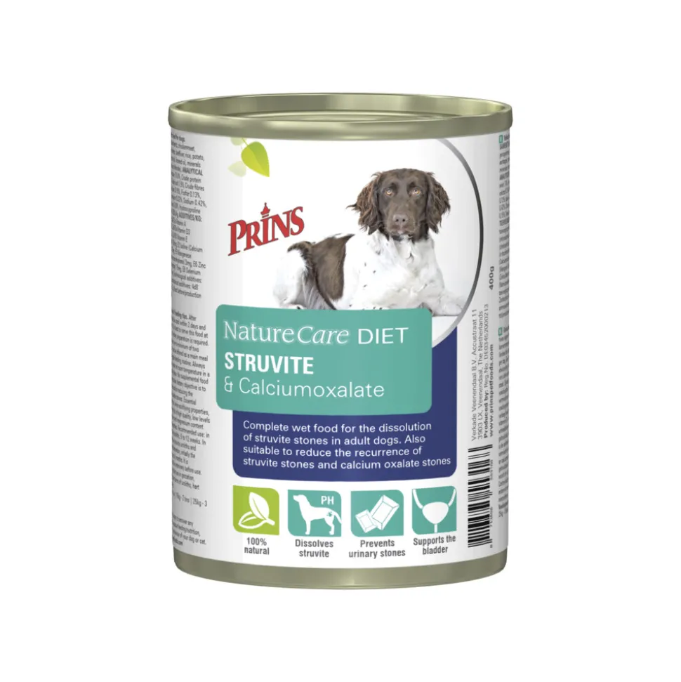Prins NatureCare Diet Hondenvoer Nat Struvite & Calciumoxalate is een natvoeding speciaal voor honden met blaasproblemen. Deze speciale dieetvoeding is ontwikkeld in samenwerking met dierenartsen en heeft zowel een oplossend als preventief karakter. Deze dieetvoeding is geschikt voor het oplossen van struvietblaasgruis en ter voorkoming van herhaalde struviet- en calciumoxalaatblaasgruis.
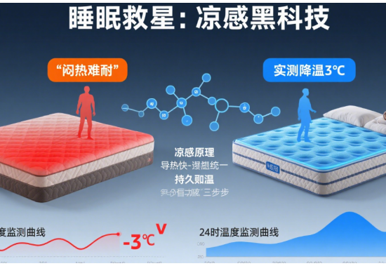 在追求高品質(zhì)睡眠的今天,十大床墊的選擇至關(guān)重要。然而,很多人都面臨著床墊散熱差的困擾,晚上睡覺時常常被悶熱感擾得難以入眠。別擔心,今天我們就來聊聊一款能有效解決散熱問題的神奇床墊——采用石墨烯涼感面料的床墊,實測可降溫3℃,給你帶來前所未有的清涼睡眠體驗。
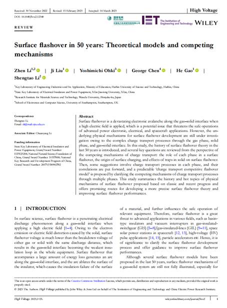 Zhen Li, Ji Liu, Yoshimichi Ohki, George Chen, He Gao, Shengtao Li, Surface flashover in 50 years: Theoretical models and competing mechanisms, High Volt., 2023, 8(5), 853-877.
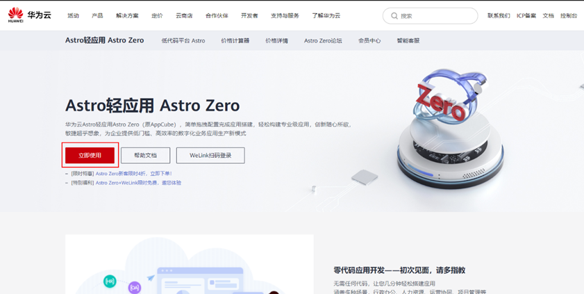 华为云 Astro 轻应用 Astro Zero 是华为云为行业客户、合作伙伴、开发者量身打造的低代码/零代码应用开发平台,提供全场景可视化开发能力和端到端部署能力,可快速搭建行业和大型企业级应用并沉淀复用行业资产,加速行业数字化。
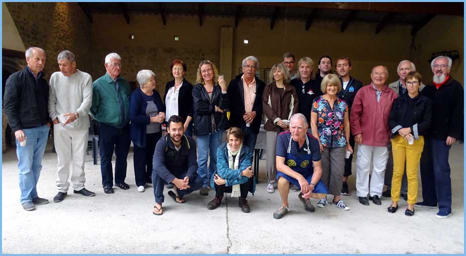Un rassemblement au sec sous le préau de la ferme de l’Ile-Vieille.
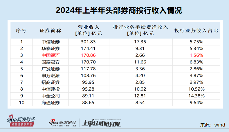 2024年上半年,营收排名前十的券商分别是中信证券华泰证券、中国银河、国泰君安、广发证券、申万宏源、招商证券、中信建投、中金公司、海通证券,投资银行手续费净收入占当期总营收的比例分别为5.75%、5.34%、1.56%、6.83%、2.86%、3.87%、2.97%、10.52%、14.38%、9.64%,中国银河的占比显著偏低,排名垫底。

### [TASK INSTRUCTIONS]
With the pictures left out, output all the entries exactly.

### [RESULT]
Prins NatureCare Diet Hondenvoer Nat Struvite & Calciumoxalate is een natvoeding speciaal voor honden met blaasproblemen. Deze speciale dieetvoeding is ontwikkeld in samenwerking met dierenartsen en heeft zowel een oplossend als preventief karakter. Deze dieetvoeding is geschikt voor het oplossen van struvietblaasgruis en ter voorkoming van herhaalde struviet- en calciumoxalaatblaasgruis.
 在追求高品質(zhì)睡眠的今天,十大床墊的選擇至關(guān)重要。然而,很多人都面臨著床墊散熱差的困擾,晚上睡覺時常常被悶熱感擾得難以入眠。別擔心,今天我們就來聊聊一款能有效解決散熱問題的神奇床墊——采用石墨烯涼感面料的床墊,實測可降溫3℃,給你帶來前所未有的清涼睡眠體驗。
 Zhen Li, Ji Liu, Yoshimichi Ohki, George Chen, He Gao, Shengtao Li, Surface flashover in 50 years: Theoretical models and competing mechanisms, High Volt., 2023, 8(5), 853-877.
 华为云 Astro 轻应用 Astro Zero 是华为云为行业客户、合作伙伴、开发者量身打造的低代码/零代码应用开发平台,提供全场景可视化开发能力和端到端部署能力,可快速搭建行业和大型企业级应用并沉淀复用行业资产,加速行业数字化。
Un rassemblement au sec sous le préau de la ferme de l’Ile-Vieille.
 2024年上半年,营收排名前十的券商分别是中信证券华泰证券、中国银河、国泰君安、广发证券、申万宏源、招商证券、中信建投、中金公司、海通证券,投资银行手续费净收入占当期总营收的比例分别为5.75%、5.34%、1.56%、6.83%、2.86%、3.87%、2.97%、10.52%、14.38%、9.64%,中国银河的占比显著偏低,排名垫底。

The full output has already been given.